We used Keithley 6517B Source Meter to apply bias voltages and record the response current. For X-ray detection performance, Amptek Mini-X2 tube (Newton Scientific M237, Au target) was used as the X-ray source. Detailed parameters can be seen in Table S4. The dose rate had been calibrated with the ion chamber dosimeter (Magic Max from IBA Dosimetry). All measurement about X-ray detection was conducted in a dark lead box to minimize interference from ambient light and noise response.

Monte Carlo simulation

pyPENELOPE was used for Monte Carlo simulation to obtain the X-ray spectrum under given driving voltages of X-ray tubes32. During simulation, the parameters, including electron beam energy, anode target, inclination angle, and filtering material, should be provided as Table S6.

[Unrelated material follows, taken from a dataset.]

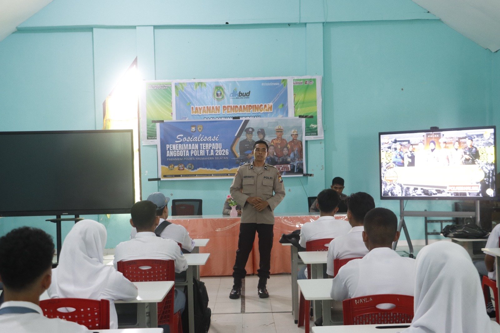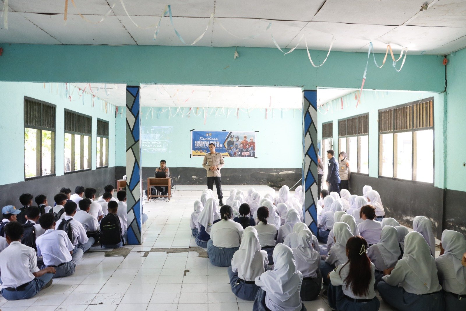 Sosialisasi dipimpin oleh Ketua Tim Aipda Ariyanto Soamole (Ps. Paur Subbagdalpers Bag SDM Polres Halmahera Selatan) bersama personel Bag SDM lainnya. Dalam pemaparannya, tim menjelaskan secara rinci mengenai jalur penerimaan Polri, persyaratan administrasi, kesehatan, akademik, serta tahapan seleksi yang harus dilalui oleh para calon peserta.

Preparation of the artificial sample for multi-energy X-ray imaging

The main inorganic component in bone is CaCO3 (2.711 g cm−3) and Ca3(PO4)2 (3.140 g cm−3). The density of muscle is about 1.060 g cm−3. The density of body fat is about 0.900 g cm−3. Here we used CaCO3, PDMS (1.0 g cm−3 at 20 °C), and paraffin (0.820 g cm−3) to mimic bones, muscles and body fat, respectively. According to the density from high to low, they are shown as black, gray and white in the Fig. S8. The CaCO3 tablet has a diameter of 13 mm. The large block of paraffin was fabricated into the shape of the letter ‘H’ by a wire cutting machine. We prepared 30 g PDMS solution with a mass ratio of prepolymer and curing agent of 10:1, and mixed 5 g carbon black powder. The carbon black was used to obscure views, so that the spatial distribution and the stacking situation of the artificial sample inside could not be observed from outside. The CaCO3 tablet and paraffin block were placed in a container, in which the carbon-PDMS mixture was poured. Finally, we put the container on the hot table at 80 °C for 1 h to make the mixture cured and got the black artificial sample with a size of 55 mm × 55 mm × 10 mm.